En los más de dos milenios de cristianismo, María ha sido y es para la humanidad la presencia más cercana, concreta y llana del gran misterio de Dios y de su obra de salvación. En infinidad de ocasiones, su sensibilidad y mansedumbre nos ha desenmascarado la ternura y piedad de Dios.

Contemplando la exposición de la doctrina acerca de María y del recogimiento del pueblo creyente, se evidencia que ésta ha sido la mayor inspiración de Cristo y de Dios en el relato de la vida del hombre. Sin lugar a dudas, el empeño de conocerla nos ha posibilitado profundizar en el alcance del misterio de Cristo y de su designio divino. Indudablemente, el fervor y el amor a la Virgen María han abierto un camino al conocimiento de la redención de Cristo y de la gracia de Dios.

Hoy, en pleno siglo XXI, María es el fruto más visible y afable, la expresión más clara de la nueva naturaleza que se recrea en Cristo y por Cristo; el fundamento más concluyente de la imperecedera bondad de Dios hacia la pobre estirpe humana. Porque, a fin de cuentas, en María se ilumina el mundo liberado en toda su majestuosidad, pero, aún más deslumbrante en ella es la fuerza redentora de Cristo y la inagotable generosidad de Dios con nosotros. Y es que, sus méritos sobrenaturales han hecho que numerosos hombres y mujeres revelaran la bondad de Dios y consiguieran los dones de la salvación.

El discernimiento, la sensatez y el entendimiento sobre la veracidad de la Virgen María, no se obtiene meramente por la vía racional de unas cuantas conclusiones.

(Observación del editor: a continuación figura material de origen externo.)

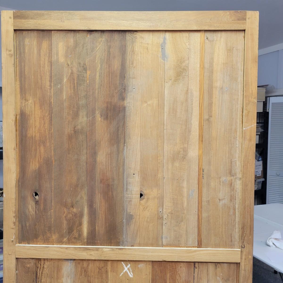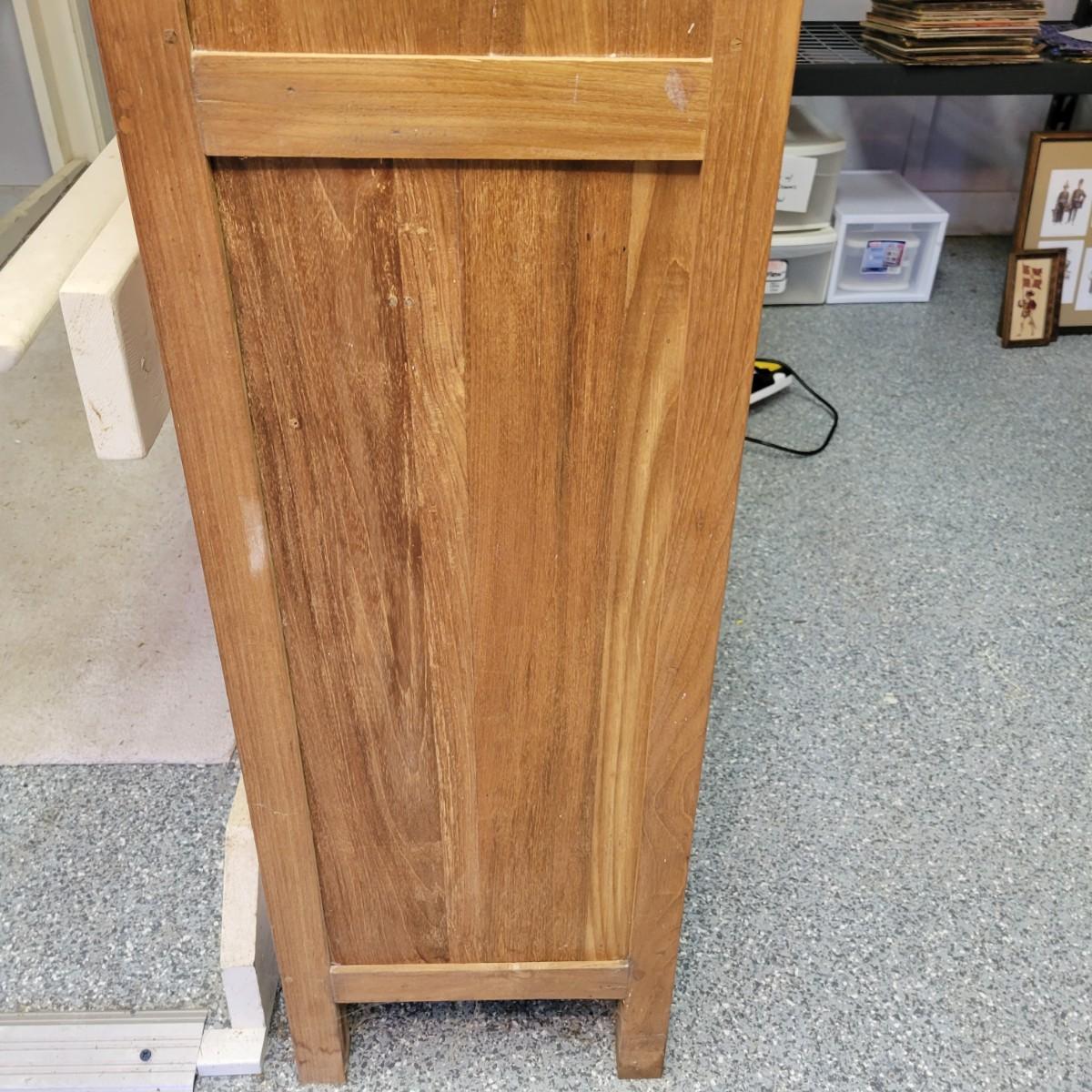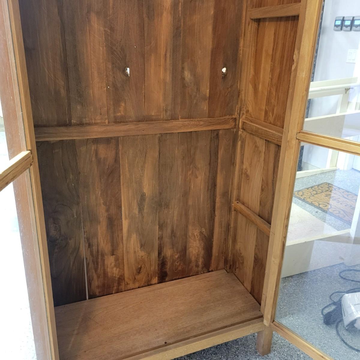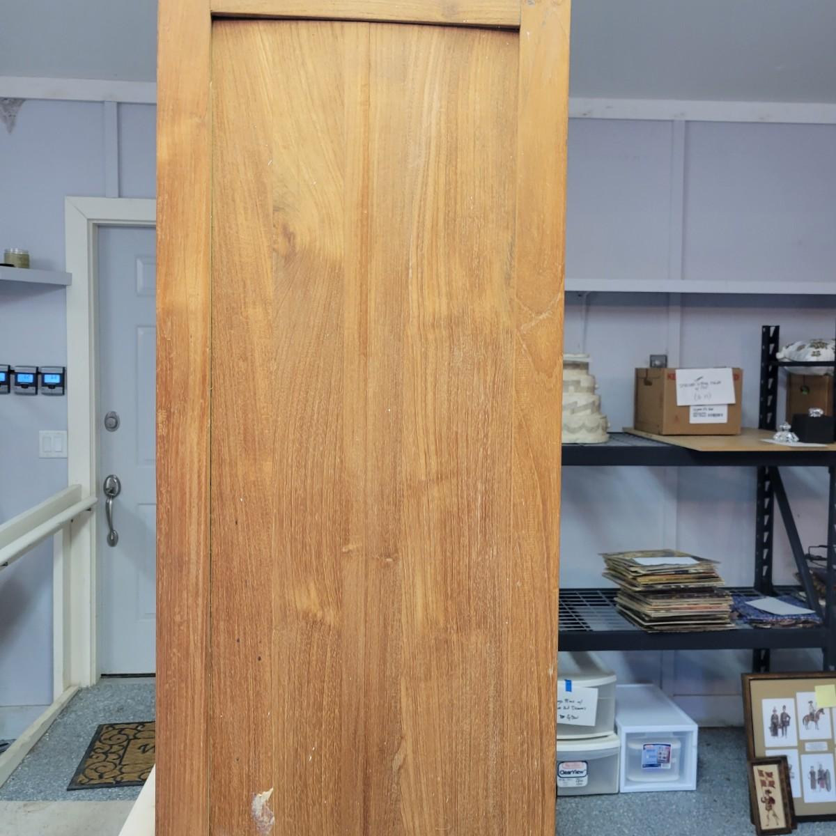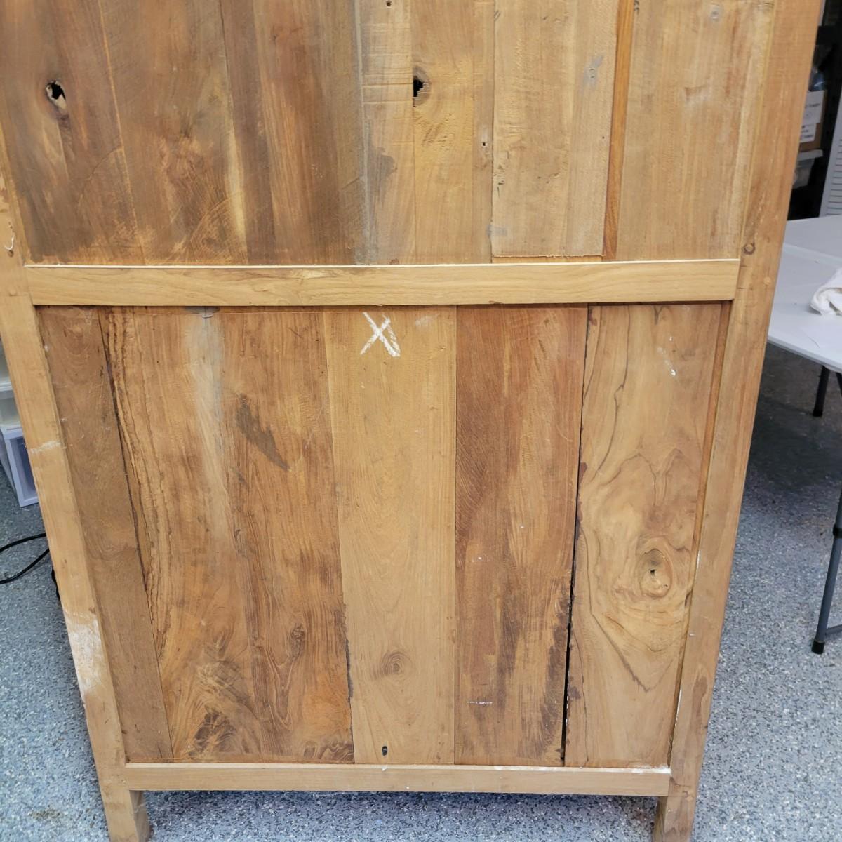 A rustic, solid wood cabinet with glass doors, that has some scratches and blemishes, and is missing its shelves. This cabinet measures approximately 40" x 16" x 79"H. Local pickup only. Winning bidder must bring assistance to help move and load this item due to its weight and/or size.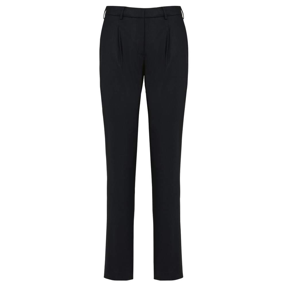 Elegant dambyxa, passform. Ton i ton fodral 100% polyester. Två sidfickor och två baksidfickor med kantband. Fickpåse i polyester twill. Zipplås med metallknapp och skyddat av ett tygband som hålls på plats av en knapp. Bältepassare vid midjan. Rensningsvinkel på insidan vid bältesfästet. Veck på framsidan av benet. Inga märkesetiketter, endast en storlekschip.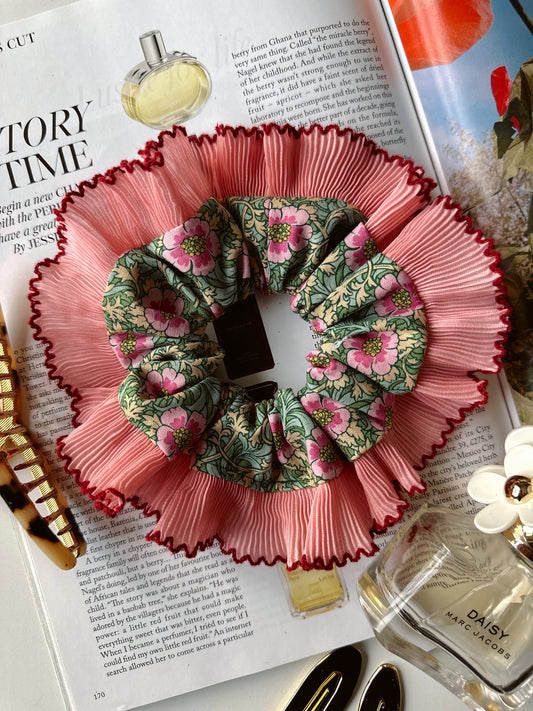XL Floral Scrunchie with Pink and Red Frill Trim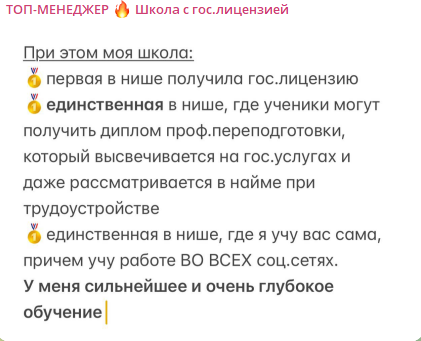 Девушка говорит об уникальных компетенциях и официальном разрешении на работу. Для создания и преподавания курсов она якобы не привлекает экспертов/кураторов.
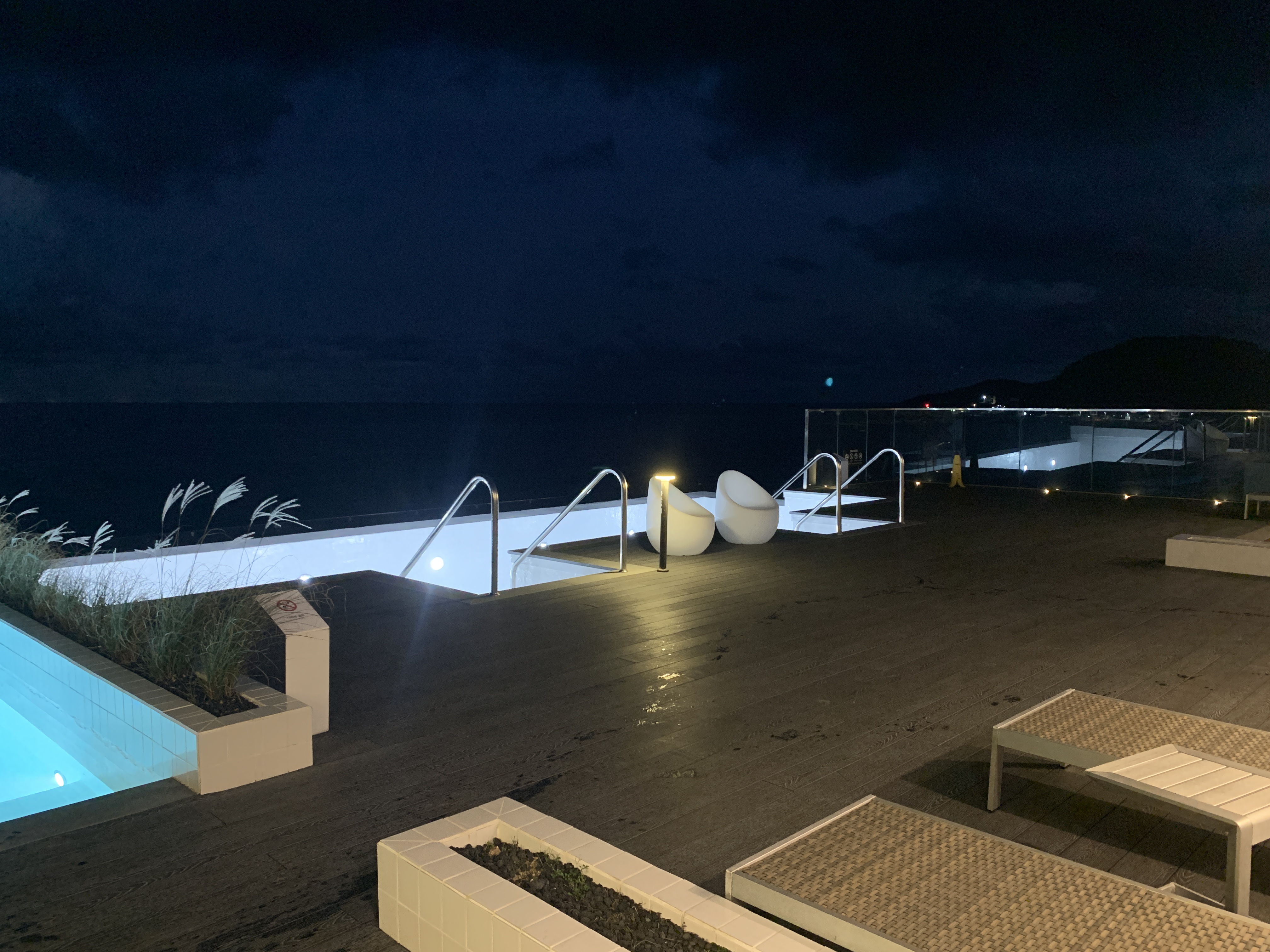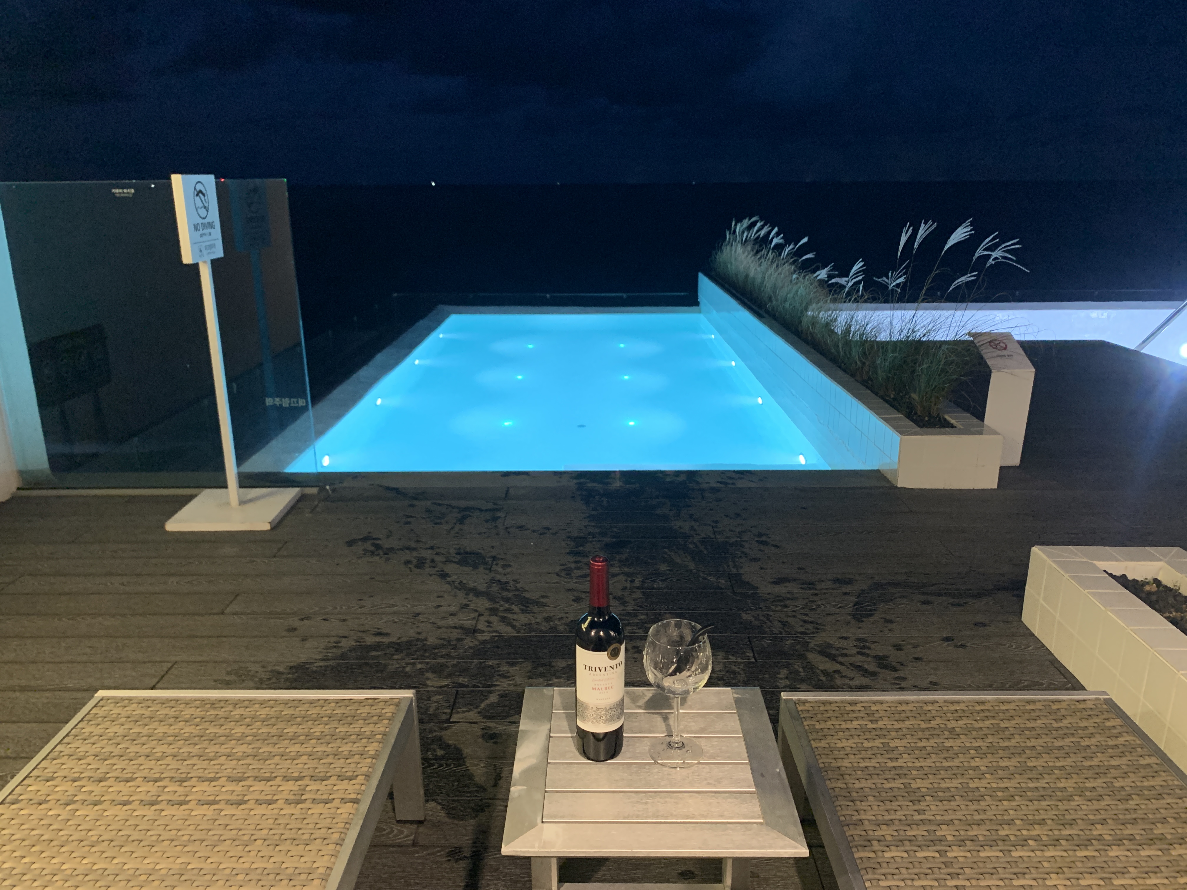 바로 앞에 수영장 불빛이 파랗게 비치는데 진짜 분위기가 미쳤다 ...

Para percatarnos de su vocación, tampoco bastaría con recopilar los textos en los que las Sagradas Escrituras la refiere. La razón de ser de María, el descubrimiento paulatino de su inclinación en el proyecto sagrado de la creación y de la salvación, es un proceso mucho más complejo en el que intervienen la fe y la razón, o la inteligencia y el amor, o la capacidad de personas determinadas y en el transcurrir de los tiempos, el encaje contiguo del pueblo de Dios.

De ahí, que el saber de María sea el producto de la visión eclesial del misterio de Dios y de Cristo a lo largo de la vida de la Iglesia. Es más, la enseñanza de la Virgen nos ayuda a discernir en la tarea de la redención.

María, mejor que nadie se aproximó a la vida íntima de su Hijo y habitó en su corazón. Ensamblada necesariamente a Él por la gracia de la gestación, es una mujer especifica en la Historia de la Humanidad, figurando como una parte esencial y de la identidad propia; porque, cada paso que ofrecemos en el conocimiento de su ser y vocación, enciende la intuición y transmite nuestra afinidad con la realidad reconfortada por Cristo resucitado.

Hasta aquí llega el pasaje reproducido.